## PROBLEM DETAILS
Only the stretch below from the line holding "Phao hố đấu" through the line holding "l采用钣金车身结构,后箱体采" should be restated, word for word and with both ends included; pictures stay out.

## SUPPLIED RECORDS
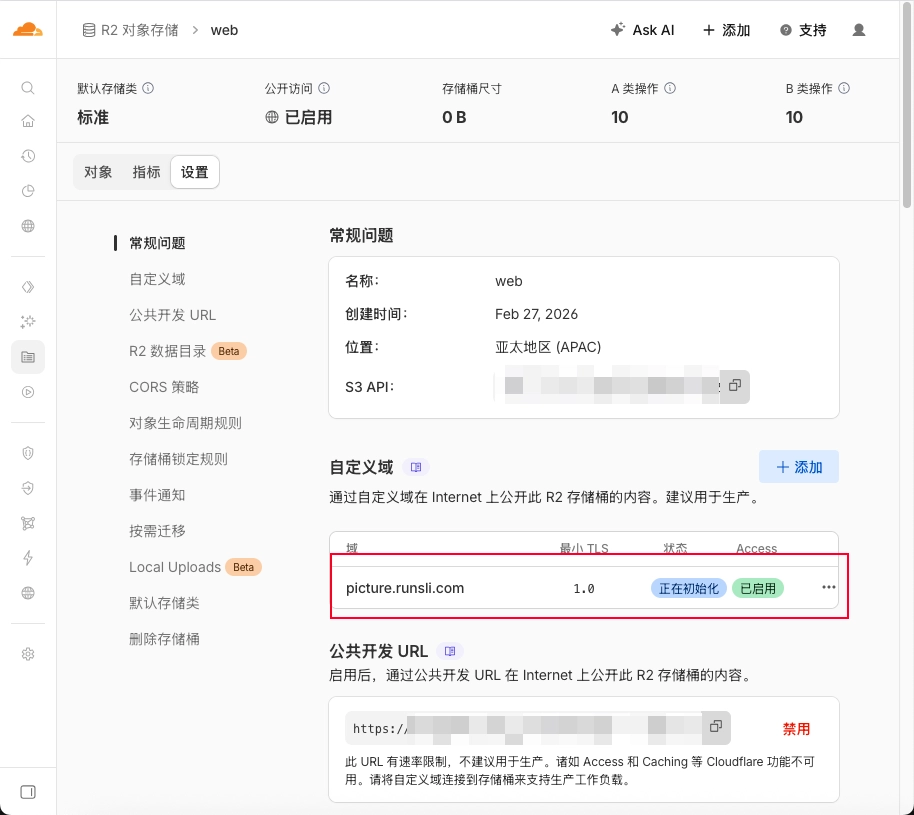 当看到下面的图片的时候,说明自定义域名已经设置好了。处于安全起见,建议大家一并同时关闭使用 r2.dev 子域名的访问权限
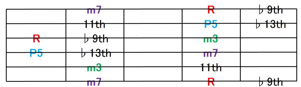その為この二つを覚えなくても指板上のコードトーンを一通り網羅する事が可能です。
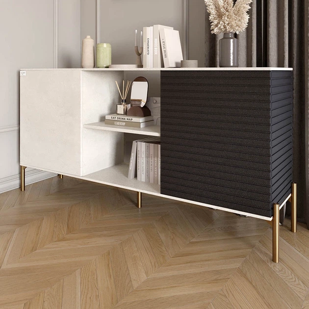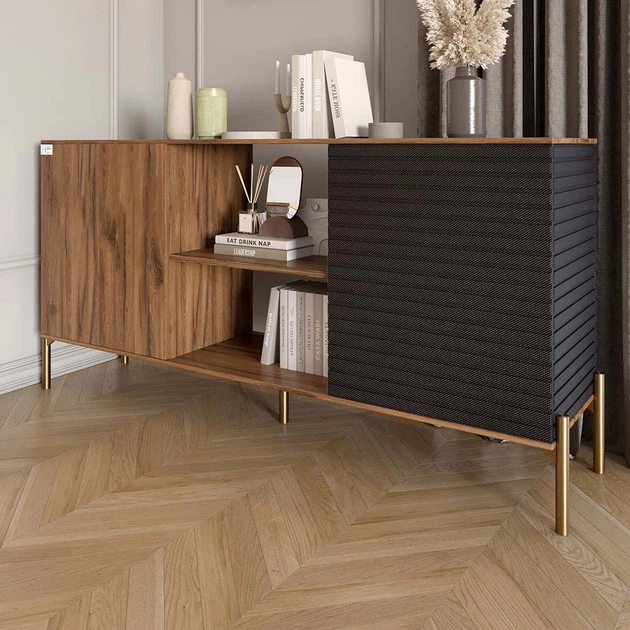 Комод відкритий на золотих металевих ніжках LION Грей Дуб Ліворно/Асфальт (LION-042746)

==

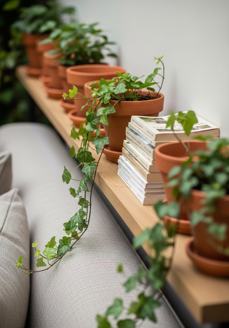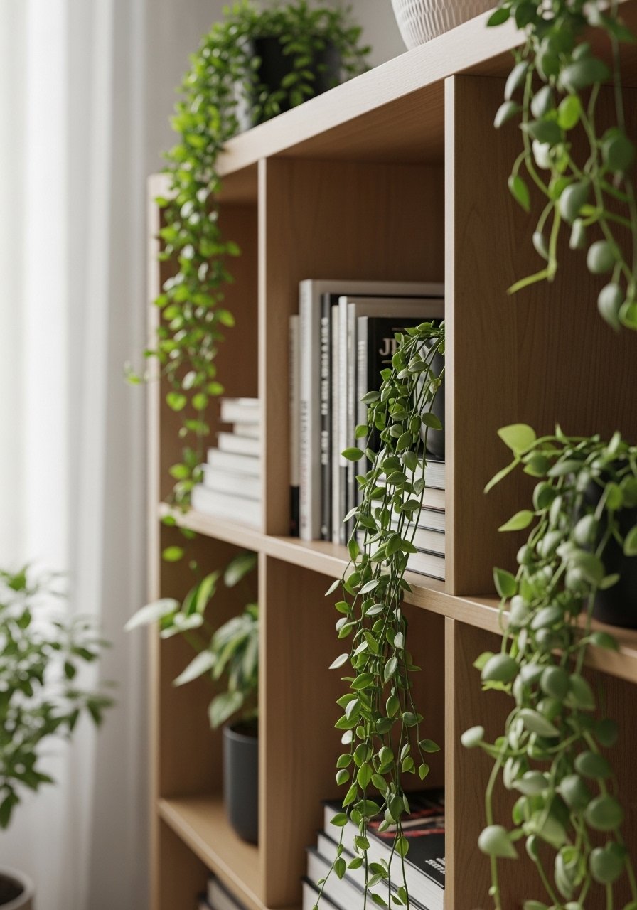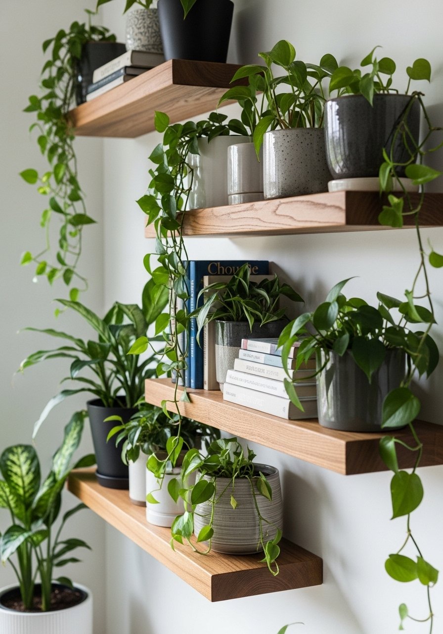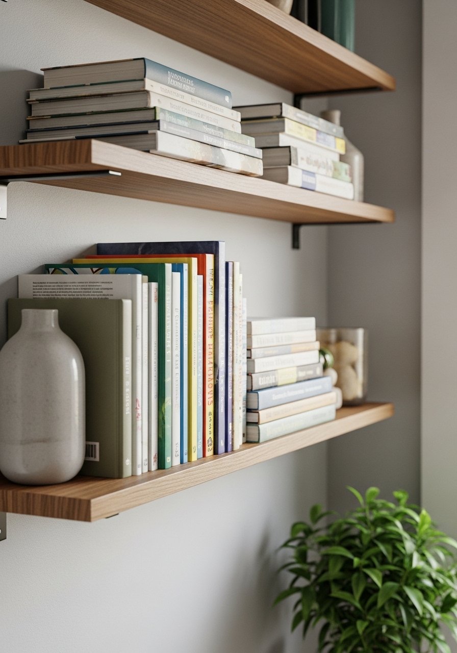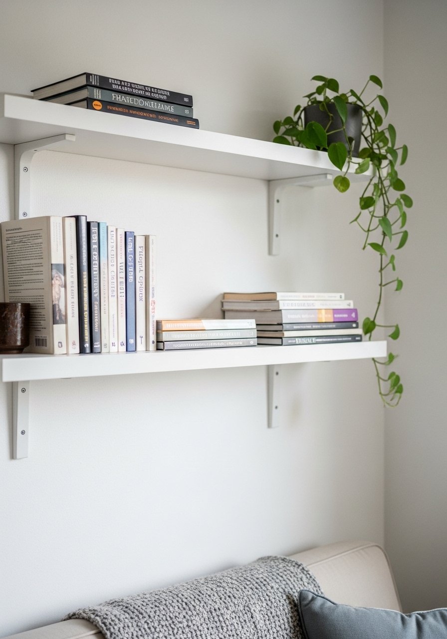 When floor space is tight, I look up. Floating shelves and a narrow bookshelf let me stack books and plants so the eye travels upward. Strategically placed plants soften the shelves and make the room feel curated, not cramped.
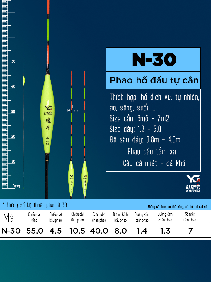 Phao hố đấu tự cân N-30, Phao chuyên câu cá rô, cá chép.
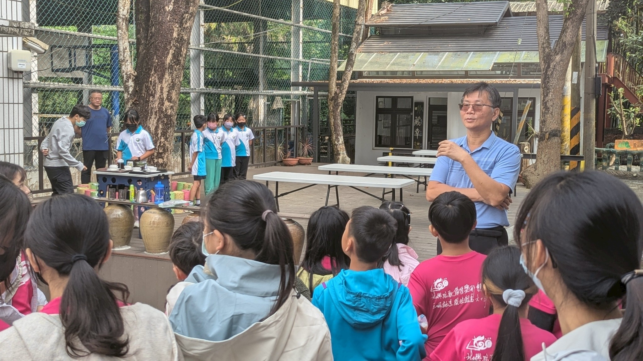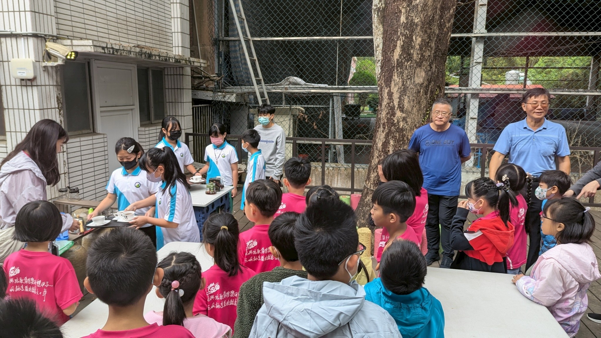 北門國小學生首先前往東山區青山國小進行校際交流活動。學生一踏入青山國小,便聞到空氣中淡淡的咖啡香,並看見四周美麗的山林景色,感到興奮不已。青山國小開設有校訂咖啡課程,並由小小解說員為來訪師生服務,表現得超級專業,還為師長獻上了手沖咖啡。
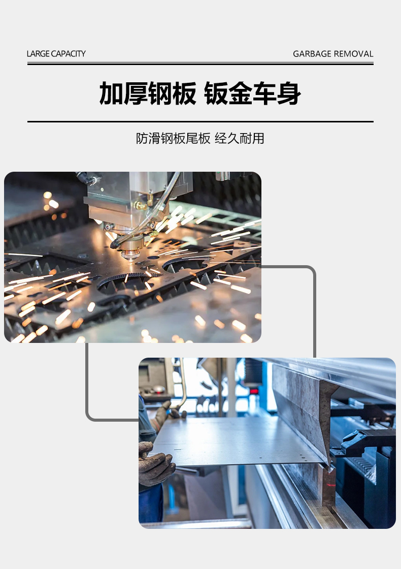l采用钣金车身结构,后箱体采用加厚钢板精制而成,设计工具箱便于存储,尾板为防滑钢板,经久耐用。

==

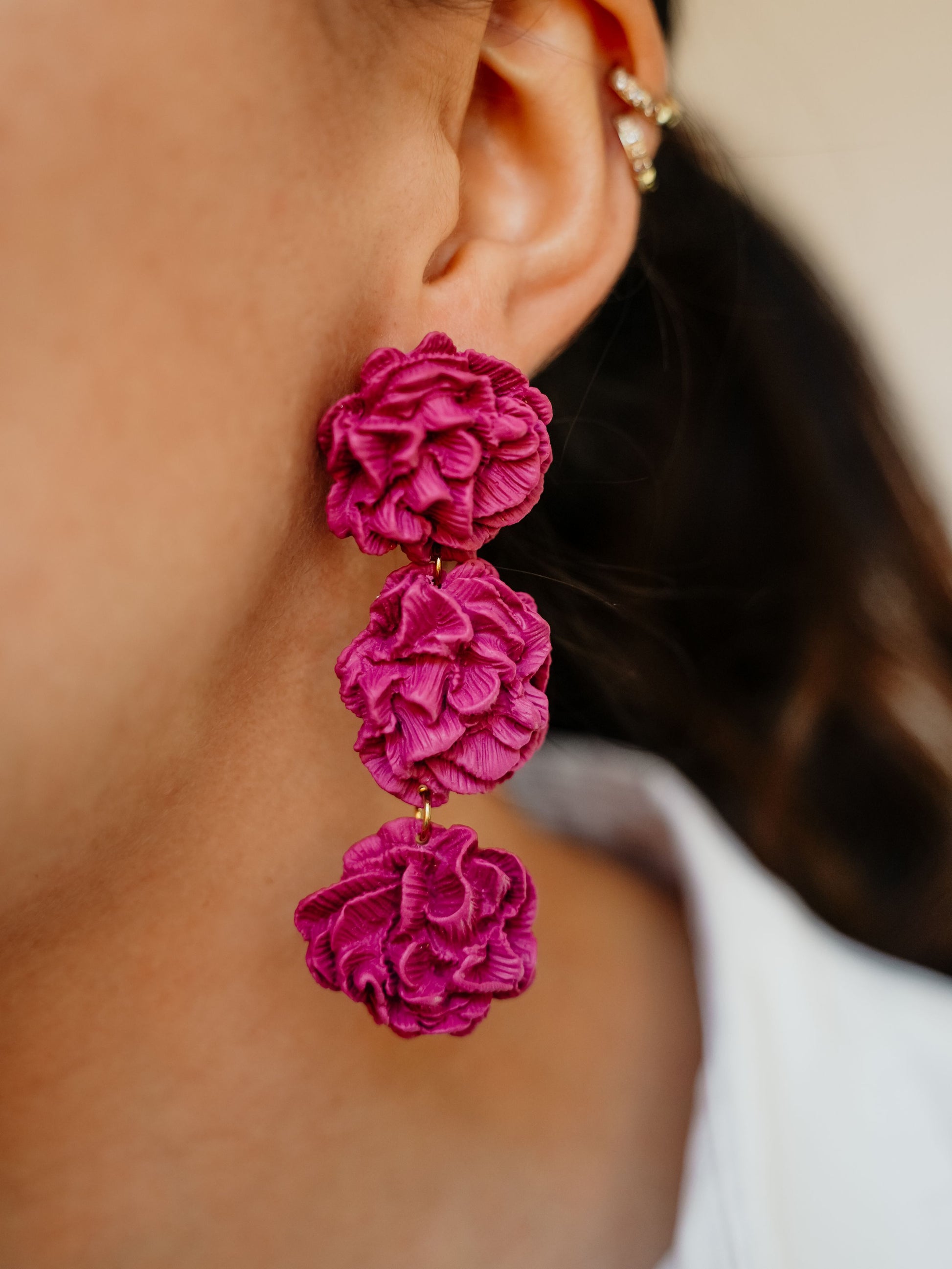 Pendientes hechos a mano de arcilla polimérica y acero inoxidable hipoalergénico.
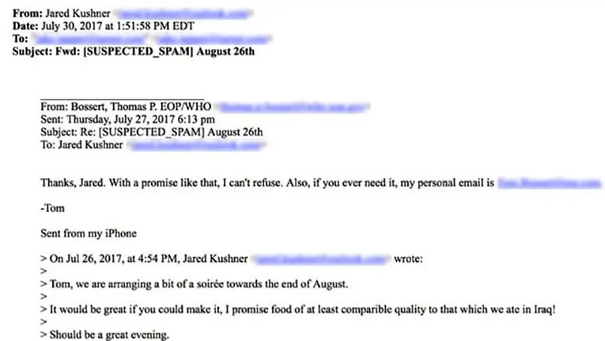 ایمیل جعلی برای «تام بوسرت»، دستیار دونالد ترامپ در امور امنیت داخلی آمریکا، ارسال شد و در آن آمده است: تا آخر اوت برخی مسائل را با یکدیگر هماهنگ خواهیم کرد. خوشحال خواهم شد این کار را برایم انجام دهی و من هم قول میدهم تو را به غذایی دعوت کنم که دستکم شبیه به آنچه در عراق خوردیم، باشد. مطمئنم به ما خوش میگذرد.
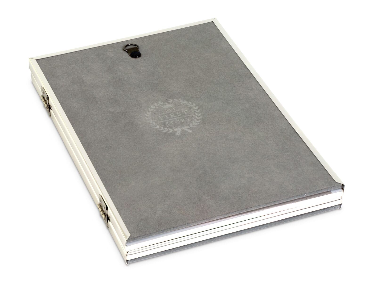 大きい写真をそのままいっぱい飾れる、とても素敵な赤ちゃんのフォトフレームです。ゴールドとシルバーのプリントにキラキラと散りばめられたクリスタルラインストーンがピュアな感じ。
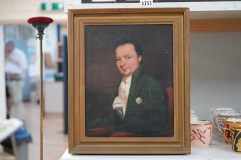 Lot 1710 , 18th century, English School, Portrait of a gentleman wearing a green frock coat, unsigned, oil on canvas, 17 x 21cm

## OUTPUT FOR THIS TASK
 Phao hố đấu tự cân N-30, Phao chuyên câu cá rô, cá chép.
 北門國小學生首先前往東山區青山國小進行校際交流活動。學生一踏入青山國小,便聞到空氣中淡淡的咖啡香,並看見四周美麗的山林景色,感到興奮不已。青山國小開設有校訂咖啡課程,並由小小解說員為來訪師生服務,表現得超級專業,還為師長獻上了手沖咖啡。
l采用钣金车身结构,后箱体采用加厚钢板精制而成,设计工具箱便于存储,尾板为防滑钢板,经久耐用。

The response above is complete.